Freak infection linked to inhaled DNA fragments

Top News | 18 May 2021

Jane Cheung

A worker at a mainland-run laboratory in Tai Po carrying out tests could have inhaled noninfectious DNA fragments of Covid-19 during an overnight stay and then tested positive for the virus the next day.

Expert Yuen Kwok-yung presented that scenario to explain a freak case. The 29-year-old man, fully vaccinated, had shown up as a coronavirus case at first but then tested negative after being admitted to hospital on May 7. Then it became apparent he had no symptoms of Covid-19 at all, which led to him being given an all clear.

Speaking after inspecting the Shenzhen-headquartered BGI laboratory in Tai Po Industrial Estate yesterday, University of Hong Kong microbiologist Yuen said the lab conducts tests on the coronavirus' DNA fragments and the room used for that is adjacent to the lounge. So the DNA could have drifted between rooms.

He said the DNA fragments are not contagious but they can lodge in a person's nose and throat for a time. "It's likely the staff had not worn his mask properly when he rested and inhaled the DNA in the air," Yuen said.

The man, who had his second shot of the German-made BioNTech/Fosun vaccine on April 10, was classified as having an untraceable local infection on May 7 after being tested at a Yuen Long mobile station three days earlier.

But genetic sequencing found his infection had not been caused by mutant variants in the SAR and authorities eventually cleared him on Saturday.

Yuen said: "This is a bizarre incident. But it should be an isolated event." He suggested labs use ultraviolet lighting to disinfect places when they are not in use.

Another unknown-source local infection is a four-year-old boy at HKVNS Alumni Association Kindergarten (KCC) in Ho Man Tin.

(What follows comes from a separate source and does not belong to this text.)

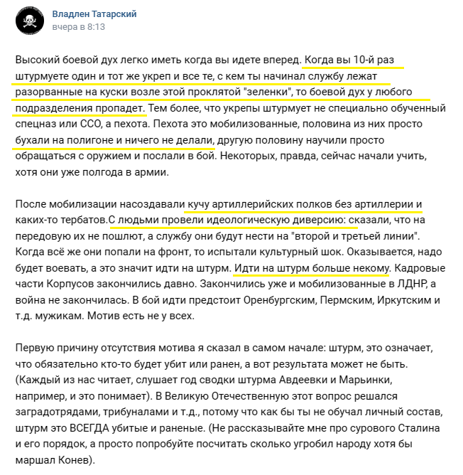 МобилиZадники массово отказываются воевать, пишут всякие обращения, а зачастую просто натихаря динамят. Черносотенные телеги всерьёз судачат про необходимость реальных показательных расправ над невоевитыми мобилиZадниками.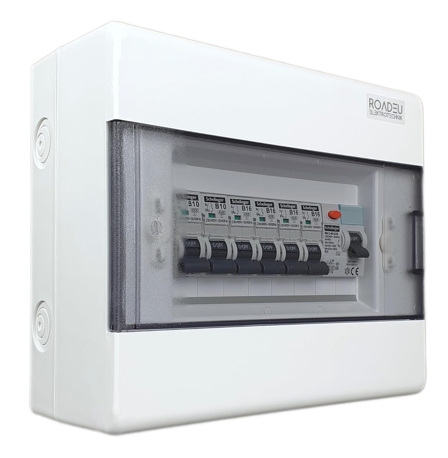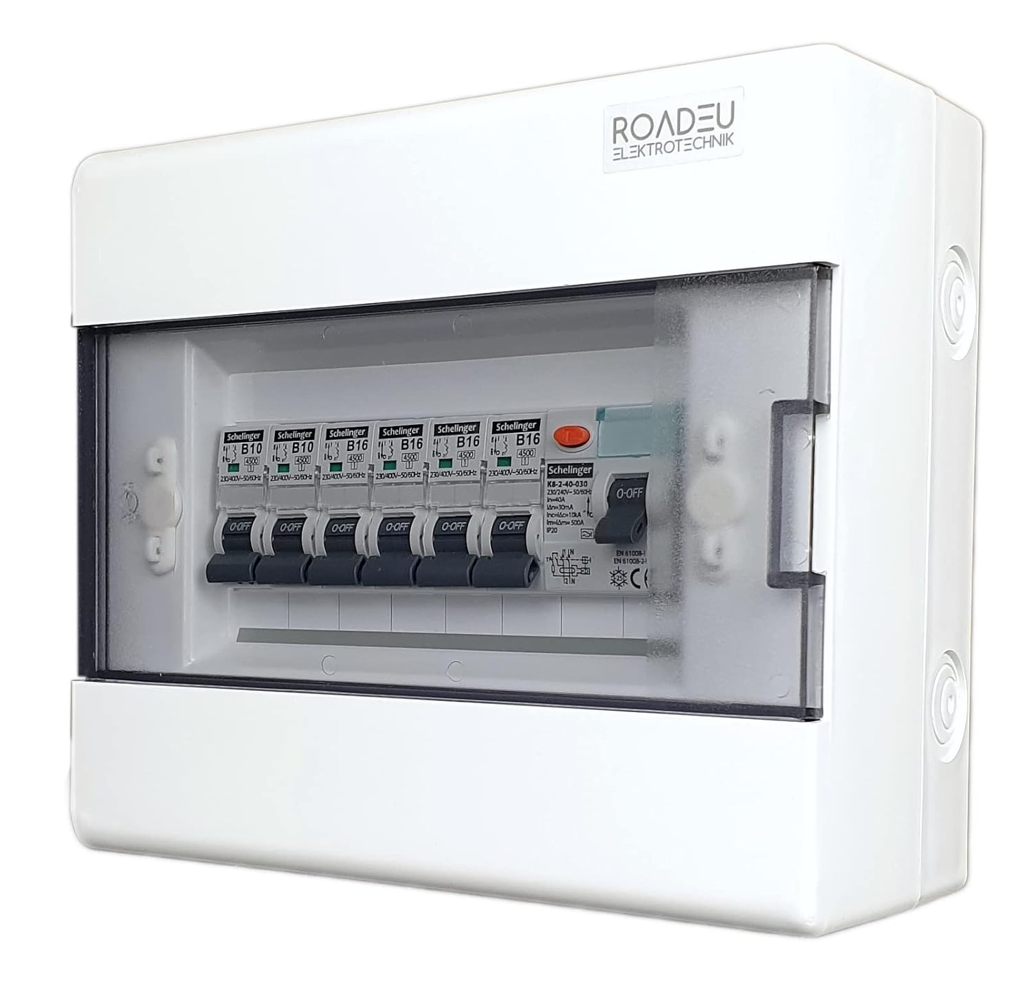WANDVERTEILER ist mit einem 40A 30mA 2P typ A/AC Fehlerstromschutzschalter sowie sechs Sicherungsautomaten mit 4x 16A 1P B und vier weiteren mit 2x 10A 1P B ausgestattet. Zudem gewährleisten die Herstellerzertifikate vom TÜV eine hohe Qualität des Produkts und somit eine zuverlässige Absicherung.

The boy, whose infection was announced on Saturday, tested negative for the coronavirus and antibodies after he was admitted to hospital, prompting experts to speculate he was a "false positive" case.

Yuen said it may take the immune system seven days to develop antibodies after contracting Covid-19 and it was too early to conclude the boy was a false positive case.

Hong Kong yesterday reported only one imported case - a 25-year-old helper from Indonesia - to take its tally to 11,826, including 210 deaths.

Yuen said the SAR is hopeful of seeing zero infections soon, but he is worried that will result in people thinking there is no urgent need to get vaccinated.

But if the SAR suffers a rebound, he warned, there could be as many as 1.5 million cases, with 20 percent of the 7.5 million population infected within a short time. And 15,000 people could die amid a sudden surge.

He noted too that the BioNTech vaccine stocks expire in September and called upon people to get the jab.

As of Sunday, 1.17 million people have had at least one shot, including 505,400 with the Beijing-made CoronaVac from Sinovac and 662,500 with BioNTech's Comirnaty. Among them 787,200 have completed both doses.

The uptake rate is 18 percent among 6.5 million people above 16.

Authorities reported one more post-inoculation death - a 50-year-old man admitted to North Lantau Hospital on Sunday who passed away the same day, 13 days after his second Sinovac jab.

Experts said the provisional cause of death was a stroke and the death was not related to the vaccine. So far, 34 post-inoculation deaths have been reported, including 24 taking Sinovac and 10 BioNTech.